Reconstruction and Regression Loss for TS Transfer Learning
Contents
- Abstract
- Transfer Learning in TS
- Model Loss & Architecture
0. Abstract
Define a new architecture & new loss function for TS Transfer Learning
1. Transfer Learning in TS
Notation
- domain \(D\) consists of..
- marginal pdf \(P(X)\) over the feature space \(X=\left\{x_1, \ldots, x_n\right\}\)
- task \(T\) : given \(\mathcal{D}=\{\mathcal{X}, P(\mathcal{X})\}\) , model \(P(Y \mid X)\)
- source / traget domain
- source domain : \(\mathcal{D}_S\)
- source task : \(\mathcal{T}_S\)
- target domain : \(\mathcal{D}_T\)
- target task : \(\mathcal{T}_T\)
\(\rightarrow\) TL aims to learn the target conditional pdf \(P\left(Y_T \mid X_T\right)\) in \(\mathcal{D}_T\) , from the information learned from \(\mathcal{D}_S\) and \(\mathcal{T}_T\).

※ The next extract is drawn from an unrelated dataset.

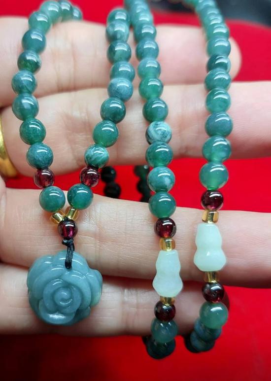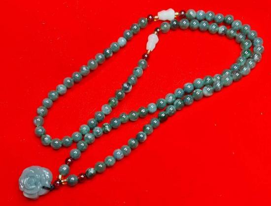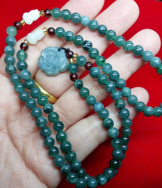 ***วัดใจ***สร้อยหยกจักรพรรดิ์ ขั้นด้วยโกเมน และ น้ำเต้าขาว สวยๆ เม็ด 6 มิล ยาว 22 นิ้ว

Traditional TS decomposition :
- TS = Trend + Seasonality + Residual
\(\rightarrow\) instead of defining explicit model components, LSTM model only consists of 5 different non-linear components
decompose model into 2 types of layers
- (1) feature layers
- (2) predictive layers
After model training….
- a set of feature layers is typically frozen
- predictive layers are re-trained
(1) Model Loss & Architecture
Loss functions
- (1) Regression loss : simple MSE loss
- (2) Reconstruction loss : \(\mathbb{E}_{q_\phi(z \mid x)}\left[\log p_\theta(x \mid z)\right]\)
- (L1) FC layer ( extract TS features )
- (L2) Bottleneck layer ( reconstruction loss is computed )
- (L3) set of LSTM layers
- input : output of FC layer & originla input
- perform prediction & compte forecasting loss
\(\rightarrow\) optimize both losses jointly